* **TASK**
Pictures in the records are to be excluded from an otherwise exact copy.
::::::::::
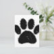 A black dog paw print cartoon style. Design with distressed effect applied to image. Product and gift idea for people that love dogs.
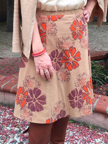 Maria made a Alabama Chanin style skirt. She designed the motif for the silk screening, and screened using different colored paints to get this Fall effect. Sally Baker made the silk screens (visit her on Etsy here).
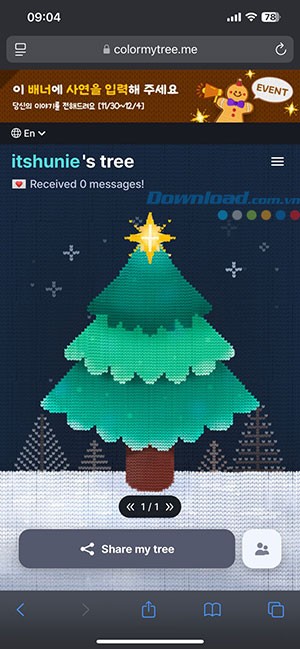 Bước 6: Khi cây thông đã hoàn thiện, nhấn vào nút Share my tree để sao chép đường dẫn và chia sẻ với bạn bè.
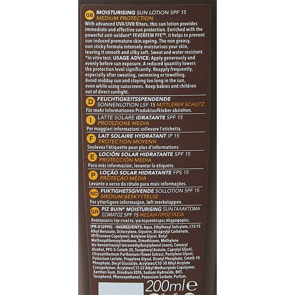Piz Buin Moisturising SPF 15 Sun Lotion
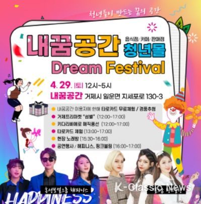 K-Classic News 김성연 기자 | 거제시는 오는 4월 29일 토요일, 일운면 지세포에 위치한 『내꿈공간』에서 시민관광객 맞이 ‘드림 페스티벌’행사를 개최한다.
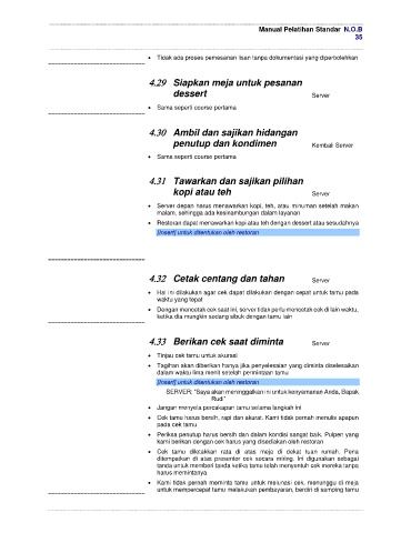 • Server depan harus menawarkan kopi, teh, atau minuman setelah makan
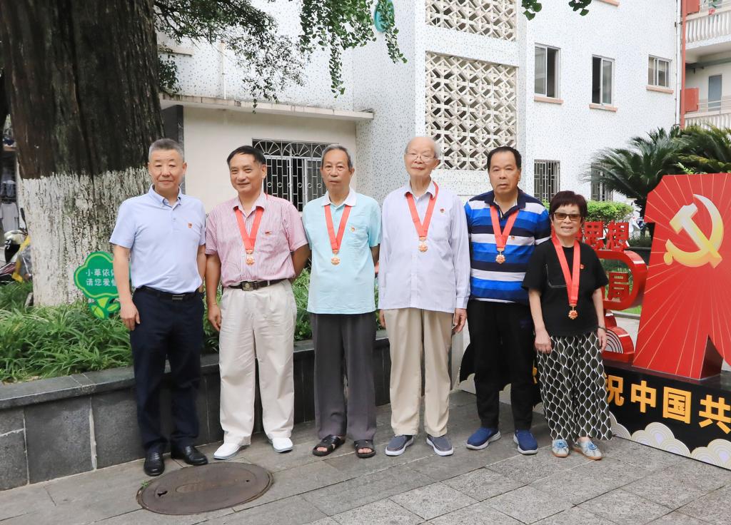 在离退办公室,医院党委书记宋剑非和灵怀、蒋步源、张泽、陈景澄、覃火护5位老党员促膝而谈。老党员们对医院和领导的关心表示感谢。宋剑非说,5位同志都是超过50年党龄的老党员,是医院建设发展的贡献者和见证人,你们为医院的健康、快速发展打下了坚实的基础,希望各位老同志继续为医院的发展建言献策。随后,他为5位老党员带上了“光荣在党50年”勋章,并向他们致敬,祝愿他们节日快乐、身体健康!
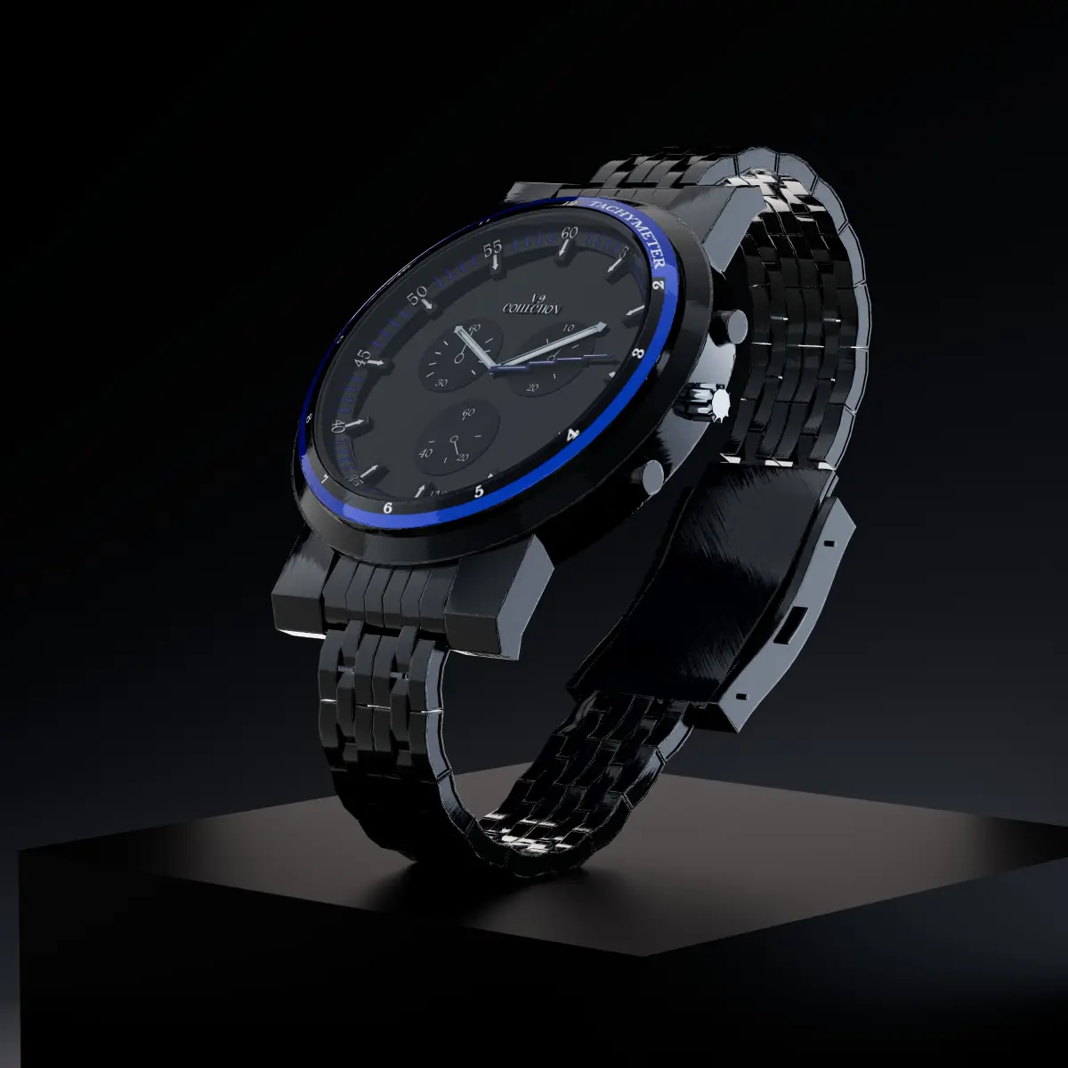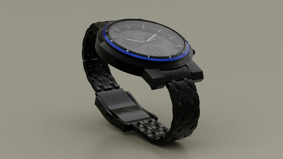 This is a meticulously designed 3D model of a luxury wristwatch, created in Maya and optimized for use in various applications such as product visualization, game development, VR/AR experiences, and animation. The model features a sleek and modern design with a polished metallic finish, intricate detailing on the strap, and a high-resolution watch face.
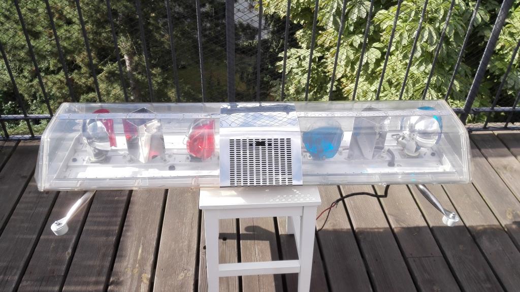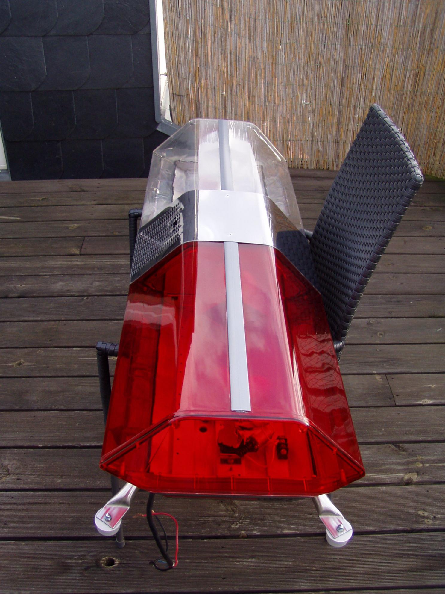 Hab ich so ähnlich (nur als 48") ja auch. Bin aber drauf und dran (zumindest spiele ich mit dem Gedanken) die klaren Hauben gegen farbige mit gelben und klaren Fenstern zu tauschen.
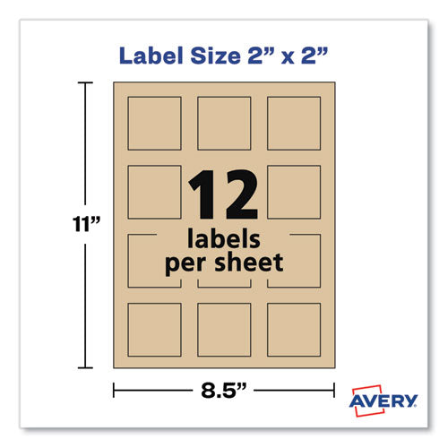 Square Print-to-the-edge Labels, Inkjet/laser Printers, 2 X 2, Kraft Brown, 12/sheet, 25 Sheets/pack
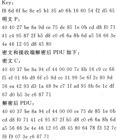 第44个到51个字节为解密后的8个字节的分组链接模式校验码。在CCM解密程序中,对解密后得到的PDU,计算分组链接模式校验码,将计算结果和解密所得的分组链接模式校验码相比较,若相同则表示密文在传输过程中没有被篡改破坏,这样可以校验传输数据的完整性。
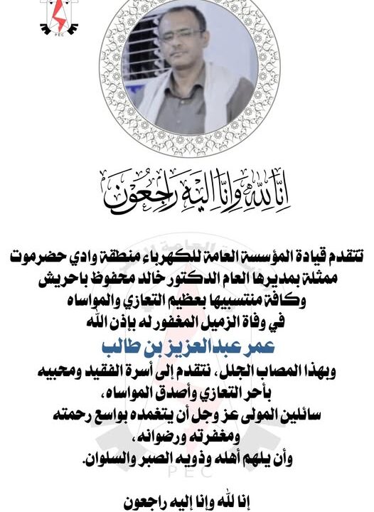 ⚫تعزية تتقدم قيادة المؤسسة العامة للكهرباء منطقة وادي حضرموت ممثلة بمديرها العام الدكتور خالد محفوظ باحريش وكافة منتسبيها بعظيم التعازي والمواساه في وفاة الزميل المتقاعد المغفور […]
::::::::::
* **PROBLEM SOLUTION**
 A black dog paw print cartoon style. Design with distressed effect applied to image. Product and gift idea for people that love dogs.
 Maria made a Alabama Chanin style skirt. She designed the motif for the silk screening, and screened using different colored paints to get this Fall effect. Sally Baker made the silk screens (visit her on Etsy here).
 Bước 6: Khi cây thông đã hoàn thiện, nhấn vào nút Share my tree để sao chép đường dẫn và chia sẻ với bạn bè.
Piz Buin Moisturising SPF 15 Sun Lotion
 K-Classic News 김성연 기자 | 거제시는 오는 4월 29일 토요일, 일운면 지세포에 위치한 『내꿈공간』에서 시민관광객 맞이 ‘드림 페스티벌’행사를 개최한다.
 • Server depan harus menawarkan kopi, teh, atau minuman setelah makan
 在离退办公室,医院党委书记宋剑非和灵怀、蒋步源、张泽、陈景澄、覃火护5位老党员促膝而谈。老党员们对医院和领导的关心表示感谢。宋剑非说,5位同志都是超过50年党龄的老党员,是医院建设发展的贡献者和见证人,你们为医院的健康、快速发展打下了坚实的基础,希望各位老同志继续为医院的发展建言献策。随后,他为5位老党员带上了“光荣在党50年”勋章,并向他们致敬,祝愿他们节日快乐、身体健康!
 This is a meticulously designed 3D model of a luxury wristwatch, created in Maya and optimized for use in various applications such as product visualization, game development, VR/AR experiences, and animation. The model features a sleek and modern design with a polished metallic finish, intricate detailing on the strap, and a high-resolution watch face.
 Hab ich so ähnlich (nur als 48") ja auch. Bin aber drauf und dran (zumindest spiele ich mit dem Gedanken) die klaren Hauben gegen farbige mit gelben und klaren Fenstern zu tauschen.
 Square Print-to-the-edge Labels, Inkjet/laser Printers, 2 X 2, Kraft Brown, 12/sheet, 25 Sheets/pack
 第44个到51个字节为解密后的8个字节的分组链接模式校验码。在CCM解密程序中,对解密后得到的PDU,计算分组链接模式校验码,将计算结果和解密所得的分组链接模式校验码相比较,若相同则表示密文在传输过程中没有被篡改破坏,这样可以校验传输数据的完整性。
 ⚫تعزية تتقدم قيادة المؤسسة العامة للكهرباء منطقة وادي حضرموت ممثلة بمديرها العام الدكتور خالد محفوظ باحريش وكافة منتسبيها بعظيم التعازي والمواساه في وفاة الزميل المتقاعد المغفور […]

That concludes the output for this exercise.